● Data block
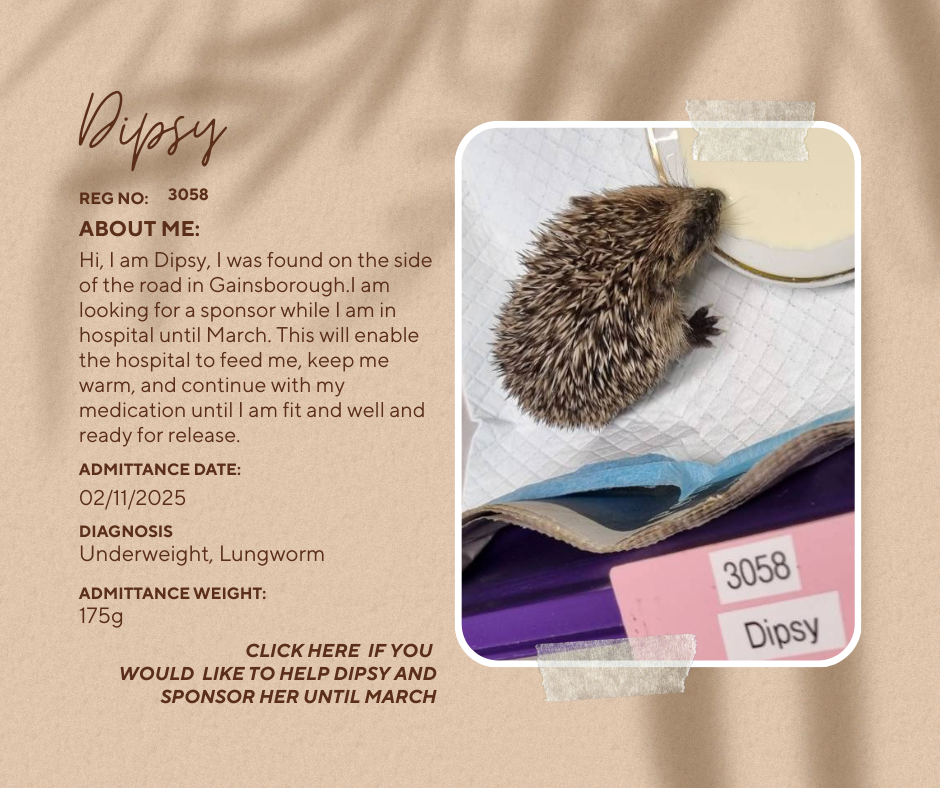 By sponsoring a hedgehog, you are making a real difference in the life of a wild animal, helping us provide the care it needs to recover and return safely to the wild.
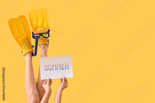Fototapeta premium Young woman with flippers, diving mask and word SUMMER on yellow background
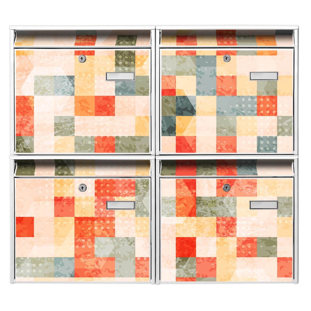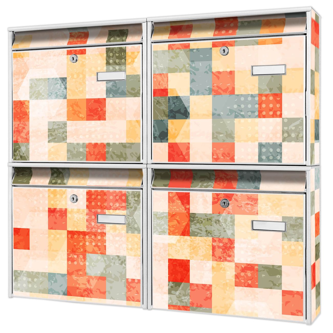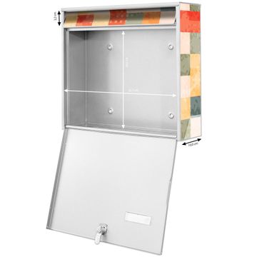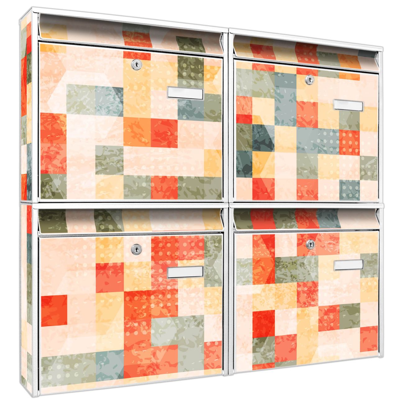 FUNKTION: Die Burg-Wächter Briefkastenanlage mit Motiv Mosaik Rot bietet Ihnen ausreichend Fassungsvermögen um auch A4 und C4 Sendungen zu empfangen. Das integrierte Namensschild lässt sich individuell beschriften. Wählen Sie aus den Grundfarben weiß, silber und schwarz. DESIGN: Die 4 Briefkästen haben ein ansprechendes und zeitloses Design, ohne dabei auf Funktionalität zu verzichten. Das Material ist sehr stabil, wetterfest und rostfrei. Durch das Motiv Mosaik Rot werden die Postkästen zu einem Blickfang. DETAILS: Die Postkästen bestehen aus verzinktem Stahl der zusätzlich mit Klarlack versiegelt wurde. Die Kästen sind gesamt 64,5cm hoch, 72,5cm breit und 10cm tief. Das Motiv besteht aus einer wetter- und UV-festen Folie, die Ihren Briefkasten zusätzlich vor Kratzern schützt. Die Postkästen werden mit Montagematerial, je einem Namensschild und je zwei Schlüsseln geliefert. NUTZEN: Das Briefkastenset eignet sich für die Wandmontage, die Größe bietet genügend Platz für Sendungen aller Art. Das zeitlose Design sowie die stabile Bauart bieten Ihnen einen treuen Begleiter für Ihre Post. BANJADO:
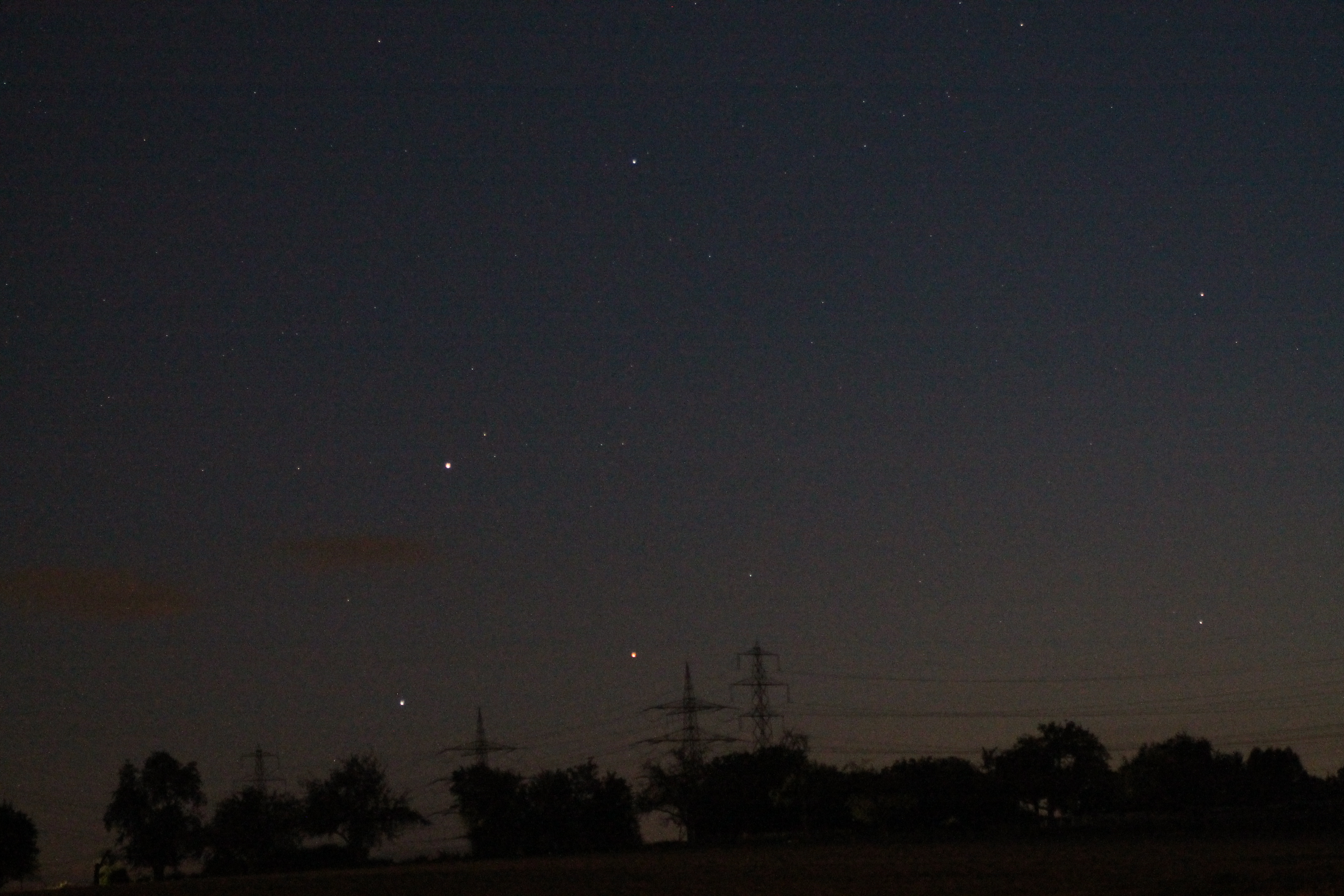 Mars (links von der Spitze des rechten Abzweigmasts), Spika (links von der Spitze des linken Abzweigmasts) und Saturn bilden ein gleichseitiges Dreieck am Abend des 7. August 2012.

● What the task asks
Give back exactly the lines from the line with "Fototapeta premium Young" through the end of the material above, and omit every picture.

● Result of this task
Fototapeta premium Young woman with flippers, diving mask and word SUMMER on yellow background
 FUNKTION: Die Burg-Wächter Briefkastenanlage mit Motiv Mosaik Rot bietet Ihnen ausreichend Fassungsvermögen um auch A4 und C4 Sendungen zu empfangen. Das integrierte Namensschild lässt sich individuell beschriften. Wählen Sie aus den Grundfarben weiß, silber und schwarz. DESIGN: Die 4 Briefkästen haben ein ansprechendes und zeitloses Design, ohne dabei auf Funktionalität zu verzichten. Das Material ist sehr stabil, wetterfest und rostfrei. Durch das Motiv Mosaik Rot werden die Postkästen zu einem Blickfang. DETAILS: Die Postkästen bestehen aus verzinktem Stahl der zusätzlich mit Klarlack versiegelt wurde. Die Kästen sind gesamt 64,5cm hoch, 72,5cm breit und 10cm tief. Das Motiv besteht aus einer wetter- und UV-festen Folie, die Ihren Briefkasten zusätzlich vor Kratzern schützt. Die Postkästen werden mit Montagematerial, je einem Namensschild und je zwei Schlüsseln geliefert. NUTZEN: Das Briefkastenset eignet sich für die Wandmontage, die Größe bietet genügend Platz für Sendungen aller Art. Das zeitlose Design sowie die stabile Bauart bieten Ihnen einen treuen Begleiter für Ihre Post. BANJADO:
 Mars (links von der Spitze des rechten Abzweigmasts), Spika (links von der Spitze des linken Abzweigmasts) und Saturn bilden ein gleichseitiges Dreieck am Abend des 7. August 2012.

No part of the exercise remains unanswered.